══ GIVEN DATA ══

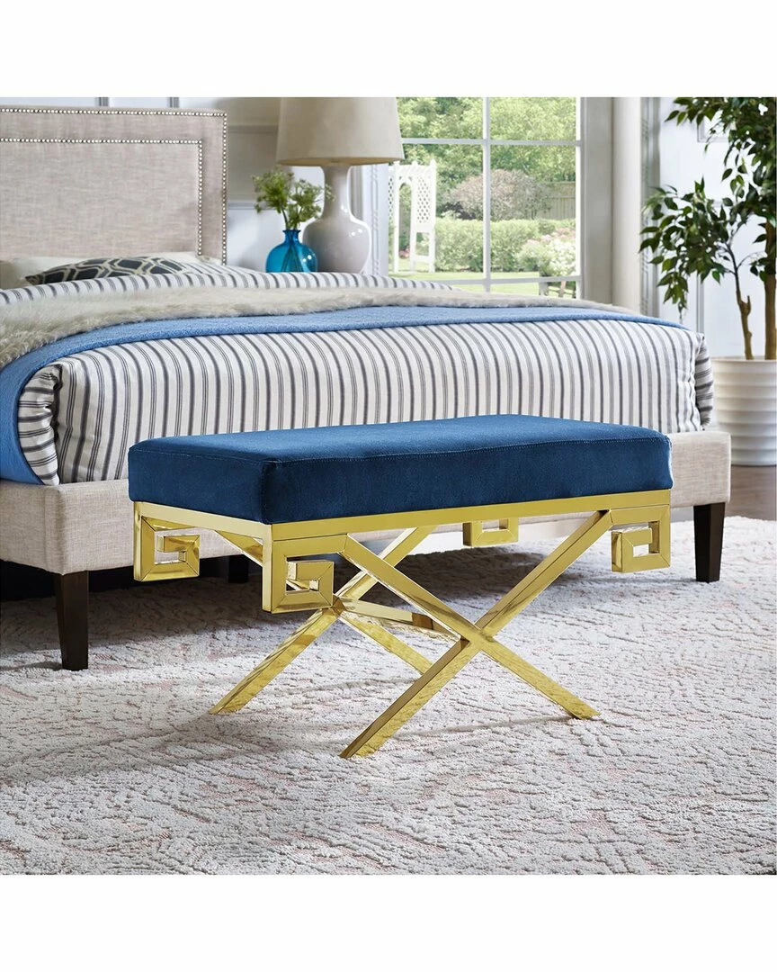 - Design details: Embrace modern whimsy with Rove. Brimming with energy and a sleek modern look, Rove features a polished gold stainless steel base with a Greek Key design, dense foam padding, and a soft stain-resistant velvet polyester upholstered top. A striking statement piece in the living room, bedroom or lounge area, Rove can support up to 331 pounds and comes with foot pads to help protect your flooring.
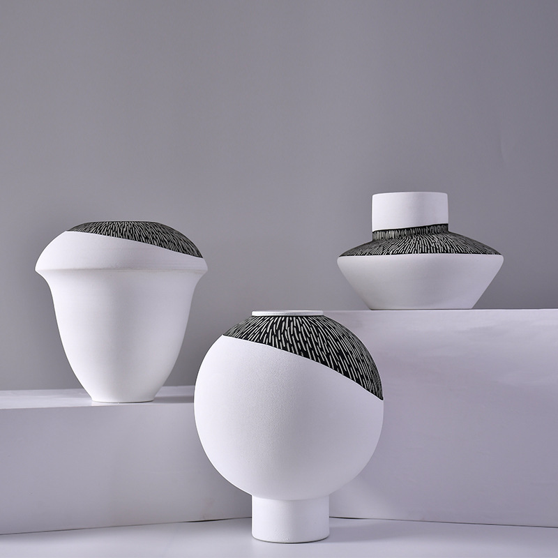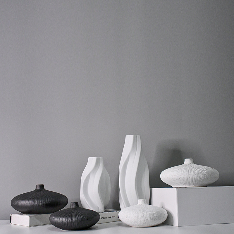 シンプルな現代器型白黒陶磁器花器新中国式現代シンプルな机の本棚の酒場の花挿し置物
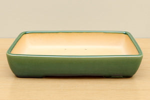 (C) High-quality Glazed Rectangle Bonsai Pot - 9" Bottle Green
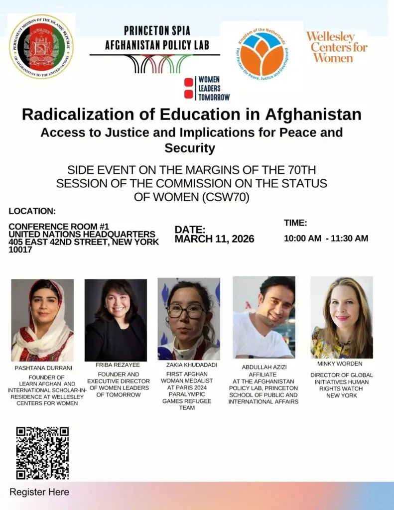 • The first event, entitled “Radicalization of Education in Afghanistan: Access to Justice and Implications for Peace and Security,” will take place on Wednesday, 11 March 2026, from 10:00 to 11:30 AM in Conference Room 1, United Nations Headquarters, New York.
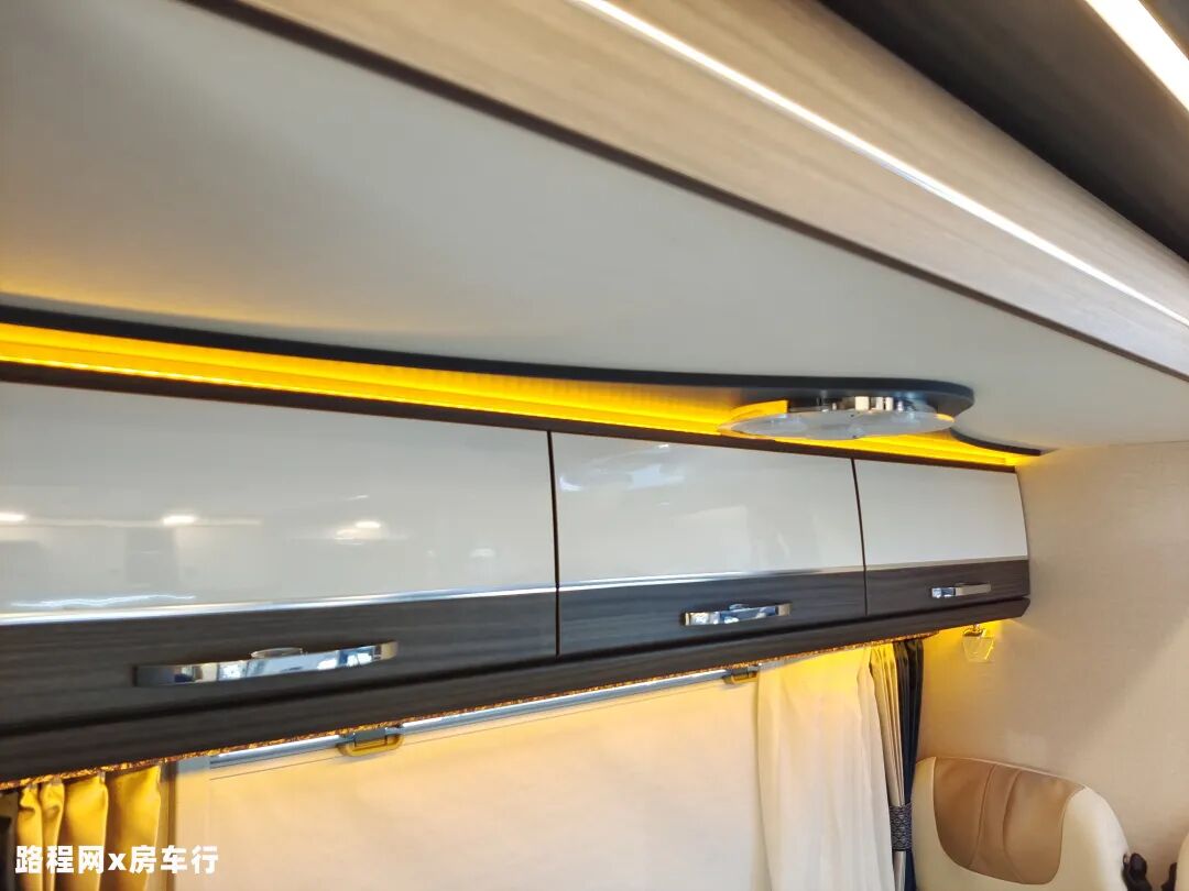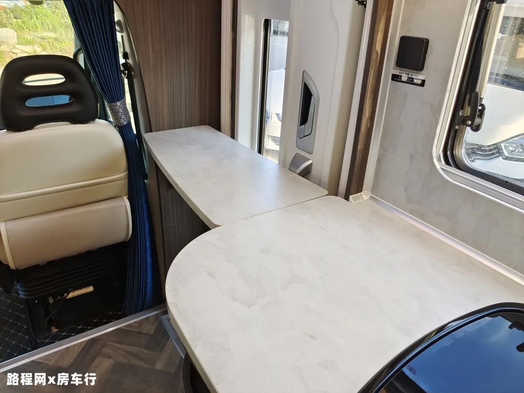 房车内部采用C型房车经典布局,从前至后依次设置额头休息区、会客区、厨房区、卫浴区、尾部休息区,功能完善,空间充足,保障了户外旅居的舒适度。

═══

Output each of the lines above exactly, apart from the images.

 - Design details: Embrace modern whimsy with Rove. Brimming with energy and a sleek modern look, Rove features a polished gold stainless steel base with a Greek Key design, dense foam padding, and a soft stain-resistant velvet polyester upholstered top. A striking statement piece in the living room, bedroom or lounge area, Rove can support up to 331 pounds and comes with foot pads to help protect your flooring.
 シンプルな現代器型白黒陶磁器花器新中国式現代シンプルな机の本棚の酒場の花挿し置物
 (C) High-quality Glazed Rectangle Bonsai Pot - 9" Bottle Green
 • The first event, entitled “Radicalization of Education in Afghanistan: Access to Justice and Implications for Peace and Security,” will take place on Wednesday, 11 March 2026, from 10:00 to 11:30 AM in Conference Room 1, United Nations Headquarters, New York.
 房车内部采用C型房车经典布局,从前至后依次设置额头休息区、会客区、厨房区、卫浴区、尾部休息区,功能完善,空间充足,保障了户外旅居的舒适度。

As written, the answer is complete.